Si la lengua
y el estilo entrañan dificultades insalvables, o tenéis que
enfrentaros a ellos por estricta obediencia al guion académico,
mejor no leáis los clásicos, enseñaba la profesora N... a sus
alumnos de Secundaria, saltándose por las bravas los programas
oficiales e irritando a quienes no cejaban de augurar el regreso de
los bárbaros y el atronar siniestro de las trompetas del
apocalipsis. No obstante, a cambio de aliviar a los alumnos de la
pesada carga de la lectura obligatoria, les hacía escuchar en clase
fragmentos de las obras cuyo análisis formal desaconsejaba, y que ella
misma leía en voz alta con cómico empaque:
Y,
diciendo y haciendo, se metió por esos aires como por una viña
vendimiada, meando la pajuela a todo pajarote y ciudadano de la
región etérea, a fuer de los de la jerigonza crítica, y don
Cleofás se entró a tomar posada...
-¿Verdad
que no habéis entendido ni jota?
-Sí, que el
pájaro se mea por la pata abajo.
-No,
exactamente. Quien emprende el vuelo es un diablo cojo, que parte del
mesón de la Sevillana rumbo a Constantinopla con el propósito de
alborotar el harén del Gran Turco y llevar la discordia a su
gobierno, para regresar antes de que amanezca por los cantones de
Suiza haciendo nuevas travesuras que le reconcilien con el amo,
Lucifer.
Por suerte
para sus alumnos, N... no era muy exigente en los exámenes y se
conformaba con que estos aprendieran dos o tres datos de las obras
que comentaban en clase.

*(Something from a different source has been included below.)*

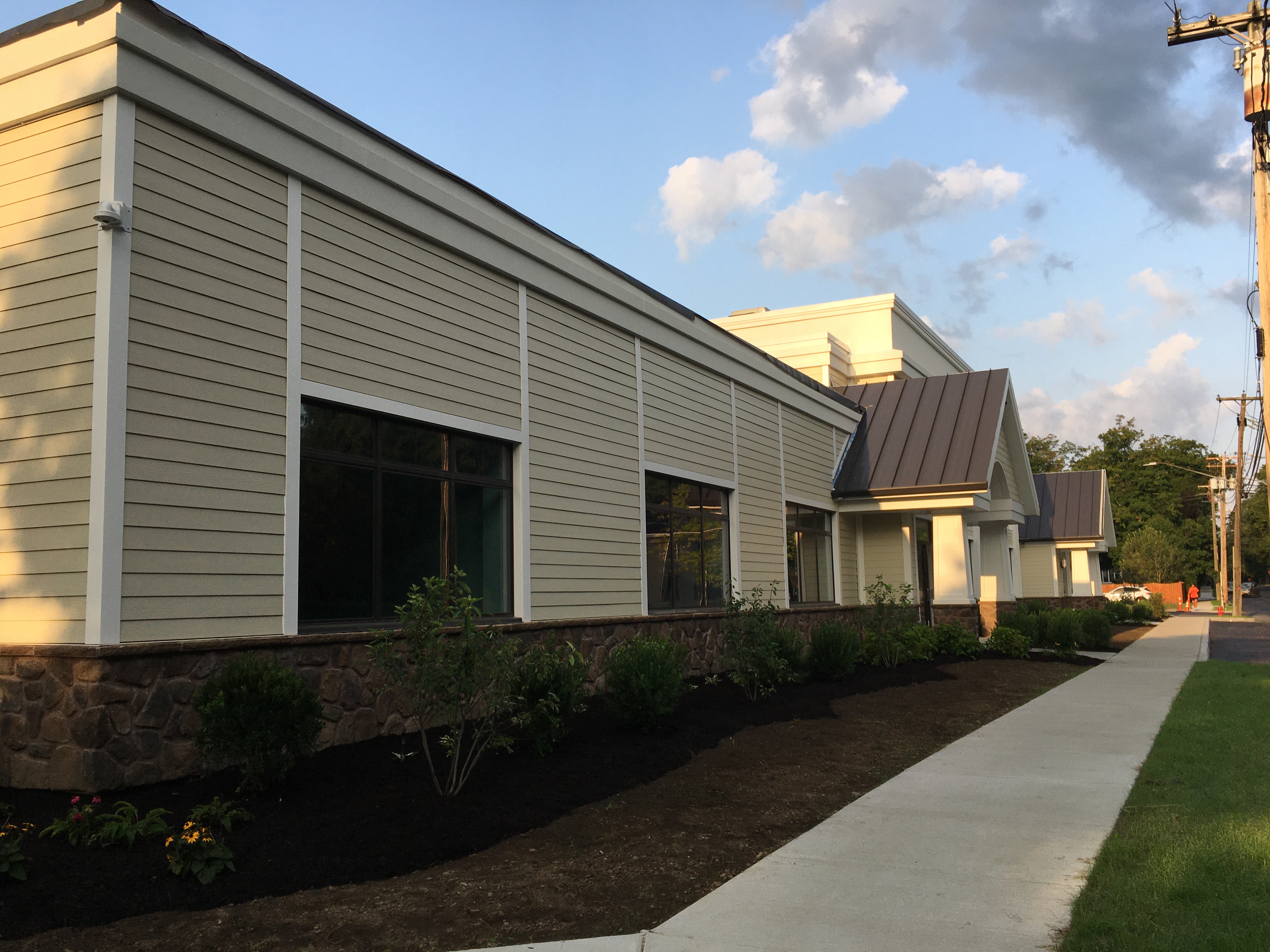The building ultimately houses 7 different departments with individual offices and reception areas for the public, along with shared amenity spaces and public meeting rooms. Of these spaces, the focal is the 2,043 sq. ft. meeting room that will host the Town and Village Board meetings, along with public gatherings and seminars.

Al llegar a la lección de El diablo
cojuelo, se limitaba a resumirles las andanzas del estudiante
Cleofás, perseguido por una mujer despechada y acompañado de un demonio travieso
que se había escapado del frasco de vidrio de un astrólogo. Al cabo -añadía ante
el interés mostrado por una alumna ejemplar- el Estudiante se libra
de la denuncia que le había interpuesto su hostigadora gracias a un
soborno; y el demonio, a quien acosan los diablos Cienllamas, Chispa
y Redina, se cuela por la boca de un escribano y concluye su
peripecia en los infiernos.
Con ello,
N... dejaba la novela vista para sentencia. En el futuro, quién
sabe, tal vez unos pocos, una minoría selecta, se animara a leerla y
fuera capaz de disfrutarla como es debido; a otros, acaso les quedara
el vago recuerdo de la peregrina amistad de un estudiante bohemio y
un diablo zascandil; el resto, probablemente la mayoría, acabaría
olvidándola por completo... sin que ello supusiera ningún trauma
para nadie. Pero al menos una vez, en una clase de Literatura de su
lejana adolescencia -se consolaba N...-, a todos les fue otorgado el
don de contemplar tanta diversidad de hermosuras y de galas, que
parecía que se habían soltado abril y mayo y desatado las
estrellas. Gracias a la magia
del Diablo Cojuelo.
Luis
Vélez de Guevara, El diablo cojuelo,
edición de Enrique Rodríguez Cepeda, Cátedra, 2011, 6ª ed.